Le bugie di Marco Travaglio sull’avviso di garanzia a Chiara Appendino

Ma c’è di più, Travaglio spiega che «nel caso dell’Appendino si tratta del rinvio di un anno di un pagamento di un debito che il Comune aveva con un’azienda». In realtà non si tratta nemmeno di un debito ma della restituzione di una caparra che in base agli accordi presi dalla precedente amministrazione avrebbe dovuto essere restituito nel 2017. La Appendino non ha deciso di rinviare di un anno la restituzione della caparra, perché dal documento dei revisori dei conti traspare che la Appendino non aveva preso nessun accordo con REAM, la società che nel 2012 aveva versato al Comune la caparra da 5 milioni di euro. Insomma prendendo per buona la versione di Travaglio ne consegue la Appendino ha deciso di rinviare il debito ad insaputa dei creditori.

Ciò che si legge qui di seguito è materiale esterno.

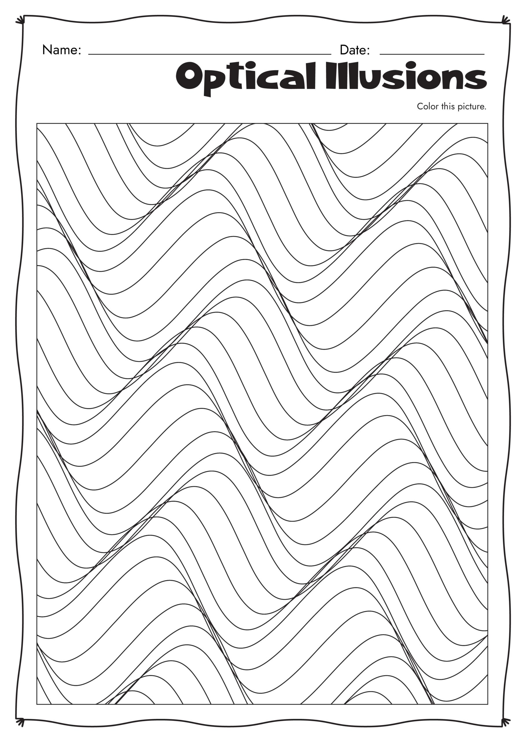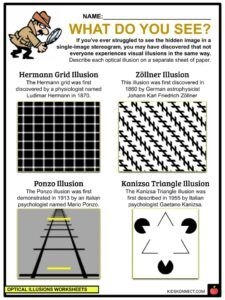 Teachers can use printable optical illusions worksheets as part of lessons on perception, psychology, or even art. They can be incorporated into lesson plans for various subjects and grade levels, providing a versatile resource for educators. Parents can also use these worksheets at home to engage their children in a fun and educational activity that stimulates their cognitive skills.

Contestualmente però la sindaca ha iscritto a bilancio l’entrata di 19.6 milioni di euro, derivanti dalla cessione dei diritti di superficie della ex Westinghouse alla società vincitrice della gara. Se avesse voluto rinviare di un anno il pagamento del debito come sostiene Travaglio avrebbe messo a bilancio 14.6 milioni di euro in entrata e i 5 milioni di euro in uscita, specificandolo.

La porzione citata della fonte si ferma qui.